Increasingly extreme heat threatens the health and comfort of city dwellers. That’s why researchers from the University of Georgia have developed a new dynamic heat exposure index that captures varying heat exposure within urban environments.
“This is the first time a dynamic heat exposure model has been proposed, thanks in part to recent technological advances in sensing and big data,” said Deepak Mishra, professor, associate head of the geography department in the Franklin College of Arts and Sciences, and PI of the project. “We were able to develop heat sensing and communication setups in our lab, mount them on vehicles, acquire highly granular air temperature, and use open-source cellphone location data to develop a high-resolution thermal profile of campus and the city. This novel dynamic heat exposure modeling has big implications in the future as we move towards personalized heat exposure warnings on your cell phone.”
The index was developed by combining human movement patterns and heat hazard patterns, extrapolated using machine learning models from air temperature data measured by sensors mounted on 40 Athens-Clarke County and UGA buses in close collaboration with UGA Transportation Services and Athens Transit.
“The microprocessor-operated air temperature sensors are highly accurate,” said Mishra. “They take readings every five seconds, and we have roughly 20 million data points from over two years.”

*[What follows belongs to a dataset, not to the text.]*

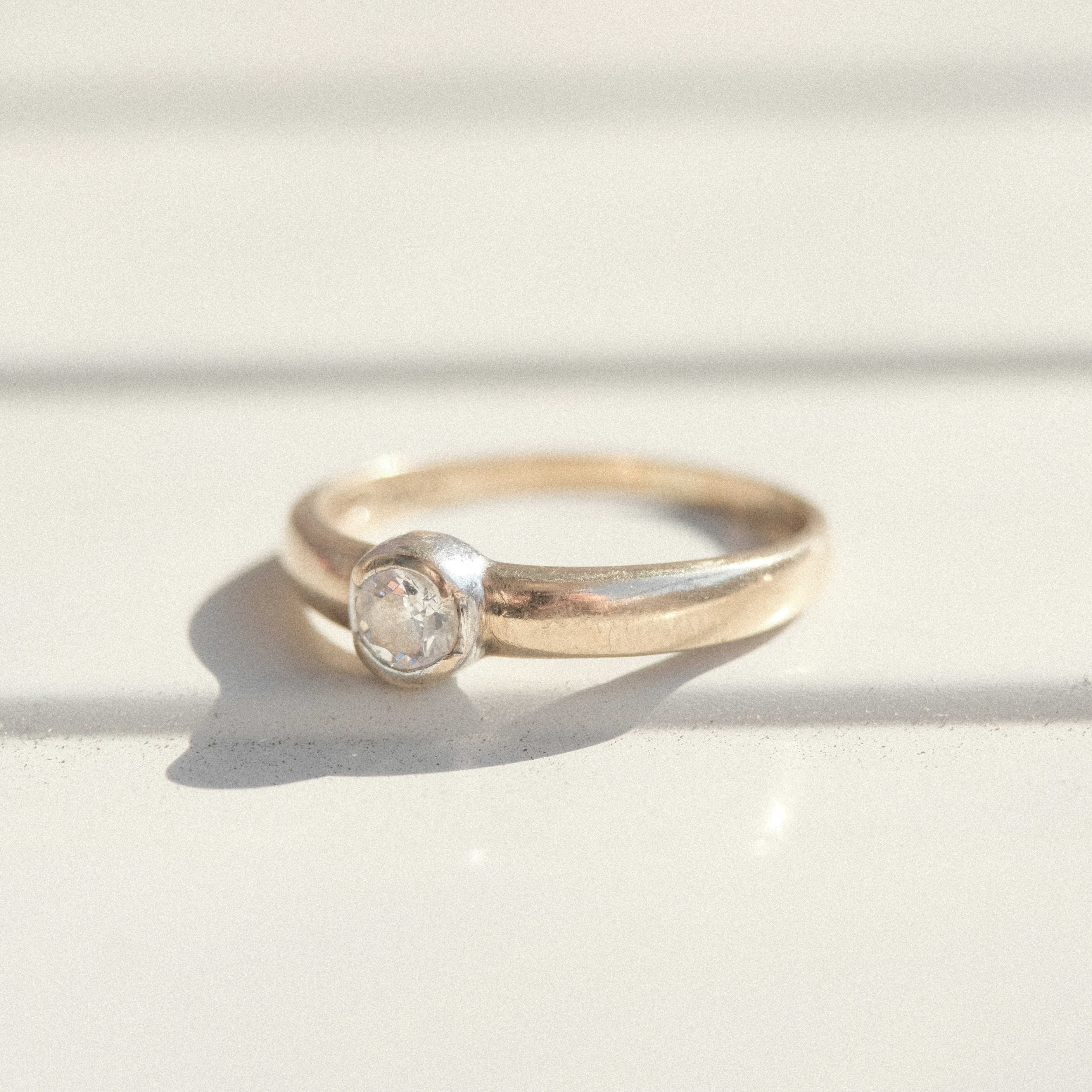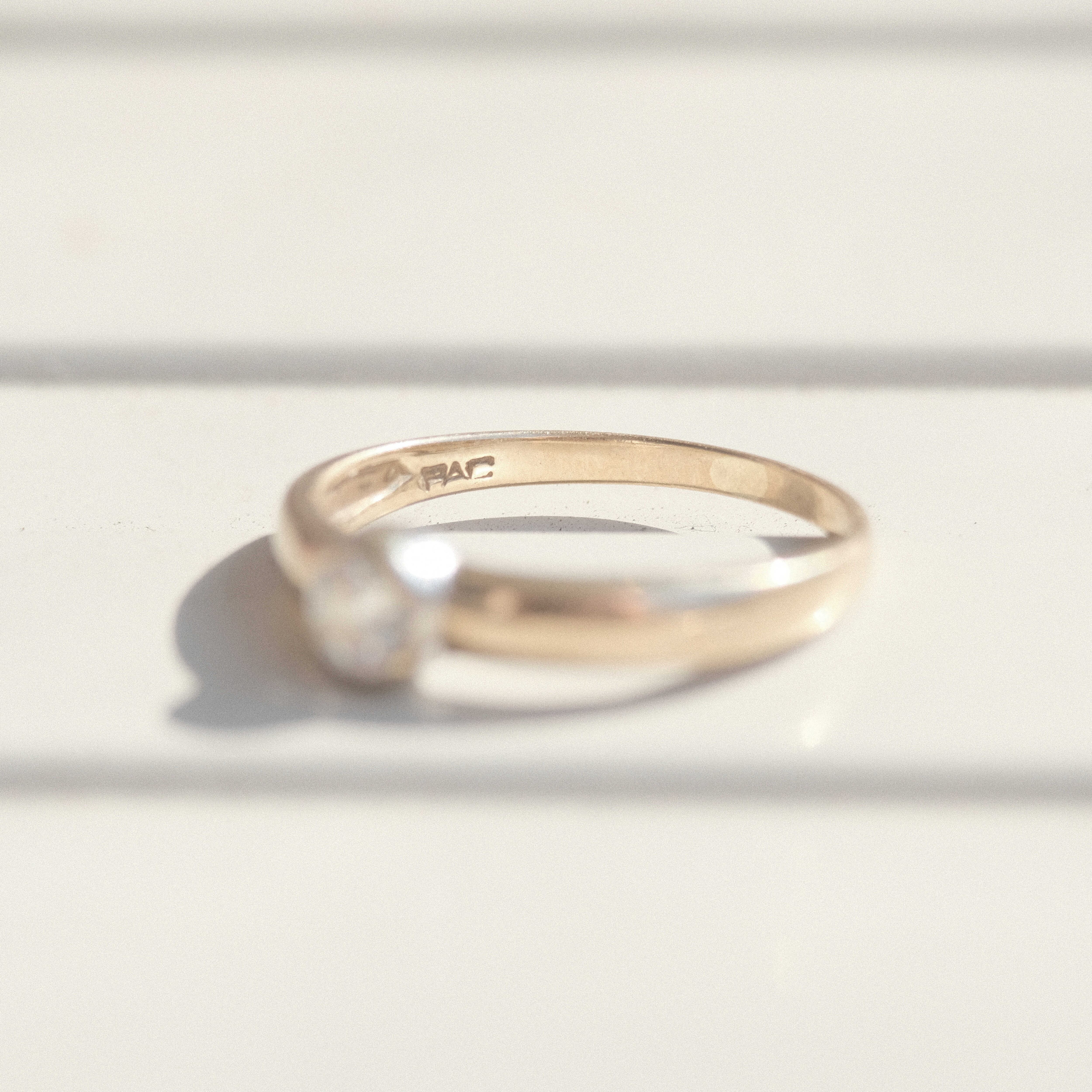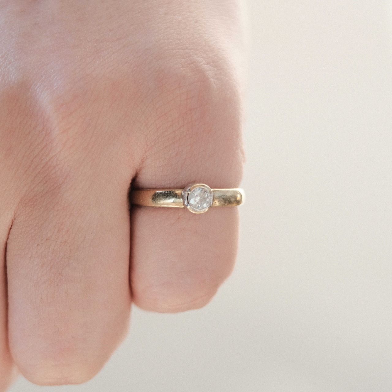 ソリティアリング(リング中央に一粒の宝石をセッティングしたリング)としての伝統的な造形を踏襲しつつもモダンなファッションに溶け込むようなシンプルで洗練されたデザインが魅力的な個体です。

While existing heat vulnerability maps are static, the DTEx can successfully identify high temperature spots and estimate dynamic heat exposure vulnerability when combined with cell phone derived foot traffic data.
“Other existing indices don’t have the dynamic of human movement, which lack the potential to show how the congregation of people might change the heat exposure distribution of the total population,” said Yanzhe Yin, the lead author of the study and doctoral student in the geography department.